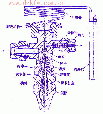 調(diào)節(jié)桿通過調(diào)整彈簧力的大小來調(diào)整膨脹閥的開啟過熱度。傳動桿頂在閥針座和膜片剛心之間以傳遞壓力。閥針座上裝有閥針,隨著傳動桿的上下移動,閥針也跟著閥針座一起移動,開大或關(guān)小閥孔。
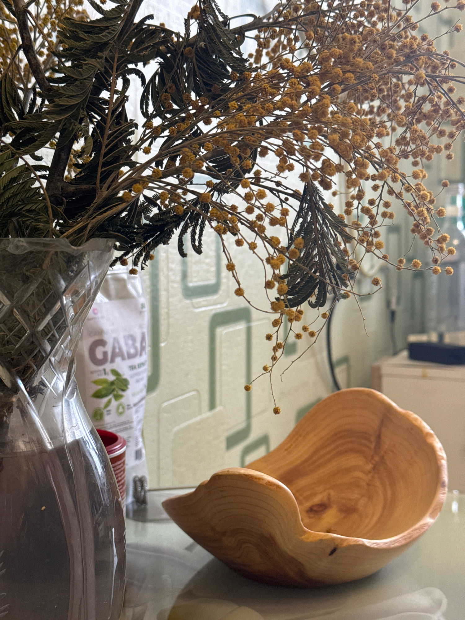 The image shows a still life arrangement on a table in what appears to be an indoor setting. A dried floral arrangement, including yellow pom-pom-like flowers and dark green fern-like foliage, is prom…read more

------------------------------

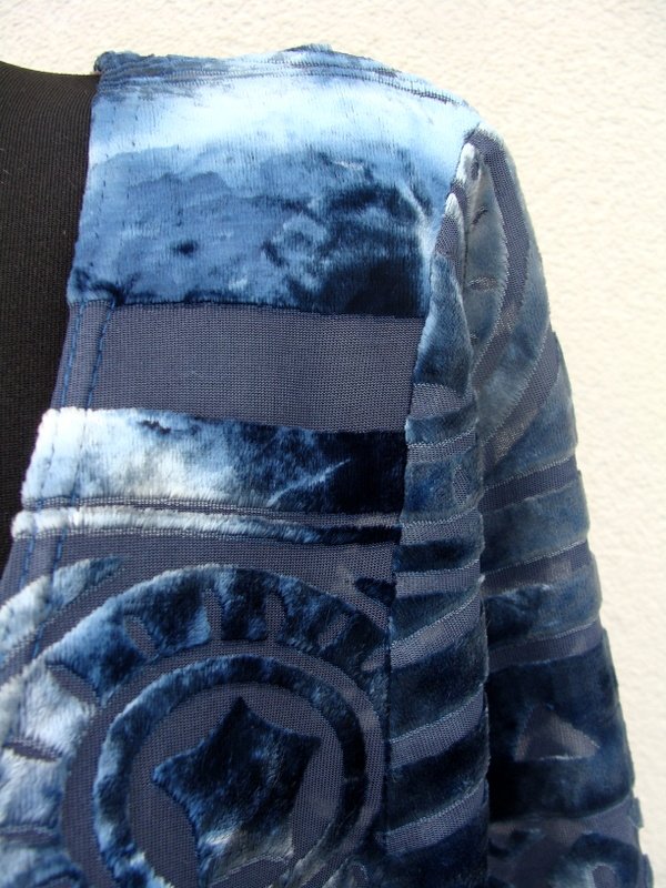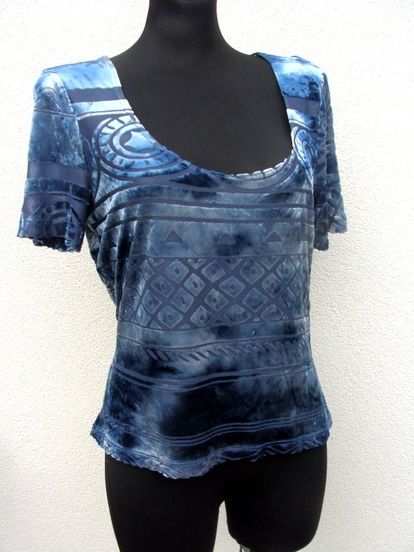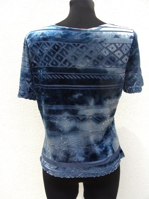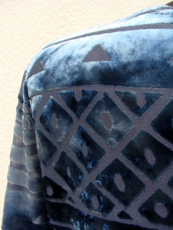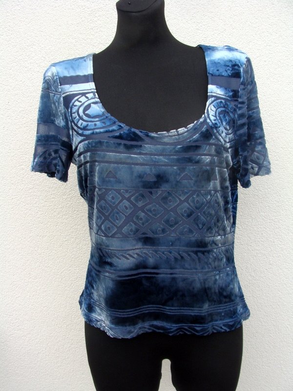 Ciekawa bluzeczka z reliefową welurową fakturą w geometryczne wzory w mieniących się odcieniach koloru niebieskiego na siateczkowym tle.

------------------------------

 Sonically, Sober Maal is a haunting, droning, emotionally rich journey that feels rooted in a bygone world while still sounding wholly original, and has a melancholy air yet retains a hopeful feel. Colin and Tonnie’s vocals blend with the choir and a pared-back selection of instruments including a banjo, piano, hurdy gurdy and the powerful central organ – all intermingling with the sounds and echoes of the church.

------------------------------

[TASK TO COMPLETE]: Return the stretch of data that begins with the line showing "調(diào)節(jié)桿" and goes on through the line showing "The image shows", exactly, with pictures removed.

[ANSWER SPACE]:
 調(diào)節(jié)桿通過調(diào)整彈簧力的大小來調(diào)整膨脹閥的開啟過熱度。傳動桿頂在閥針座和膜片剛心之間以傳遞壓力。閥針座上裝有閥針,隨著傳動桿的上下移動,閥針也跟著閥針座一起移動,開大或關(guān)小閥孔。
 The image shows a still life arrangement on a table in what appears to be an indoor setting. A dried floral arrangement, including yellow pom-pom-like flowers and dark green fern-like foliage, is prom…read more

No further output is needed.